Waste Management Woes
by Preston Hall | Feb 7, 2018 | Case Studies

“What is the best method for thorough cleaning out of the sewer holding tank? Maybe like a pump or a back-wash system or an inside flush system?”
– Darryl, Albuquerque, NM

“Darryl, if I had to pick just one area where I feel RV manufacturers have let us down, I would have to pick the waste management system.We can all agree that waste management is probably the least appealing aspect of the RVing lifestyle. But to enjoy the total freedom RVs give us, it is something we must endure.”

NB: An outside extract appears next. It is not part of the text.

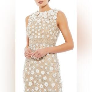 Tags- wedding guest dress, semi formal dress, bridal shower dress, courthouse wedding dress, beaded embellished dress, embellished sheath dress, floral beaded mac duggal dress, vow renewal dress, mother of the bride dress, mother of the groom dress, Mac duggal women’s nwt floral appliqué crewneck tan sleeveless midi dress style 67853
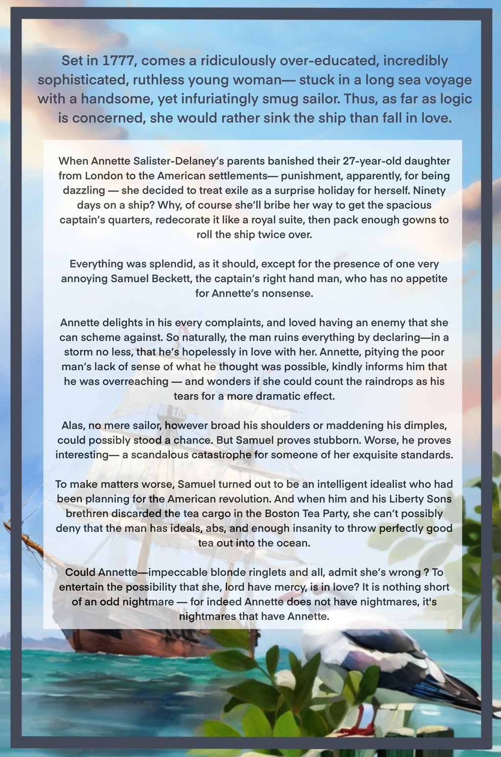Comparable Title : A mix of a very Jane Austen (reverse-gender) Pride & Prejudice (proud & rich female lead, stubborn & handsome male lead) meets the historical fiction style of Hamilton meets the lightheartedness romance of The Bridgerton Books (20+ million copies sold in the US)

“Thankfully, many RV coach builders have just about mastered the waste containment part by going to full-flow 3-inch outlets on all tanks, including the gray tank, improving the venting, adding better, non-invasive, monitoring systems and installing electric termination valves at the container outlet instead of a manual valve at the end of a long drain pipe. These additions to waste systems have generally made containment and evacuation easier and much safer. And safety is the key when it comes to the health and well-being of RVers! Just ponder the many bacteria, viruses and other disease-carrying critters that must thrive within the holding tanks and termination assemblies of our coaches. But, a serious problem lies between the termination assembly on your rig and the inlet to the dump station or sewer connection at the campground. That gray area (no pun intended), is not governed by any standard! Both entities, the RV manufacturer and the campground, leave that totally up to the discretion of the RV owner. Think about it, that portion of waste transfer, the most vulnerable to spillage, leakage, contamination, and disease, is left to the end user; in many cases, a novice RVer with little or no experience in the correct methods of evacuation and transfer.”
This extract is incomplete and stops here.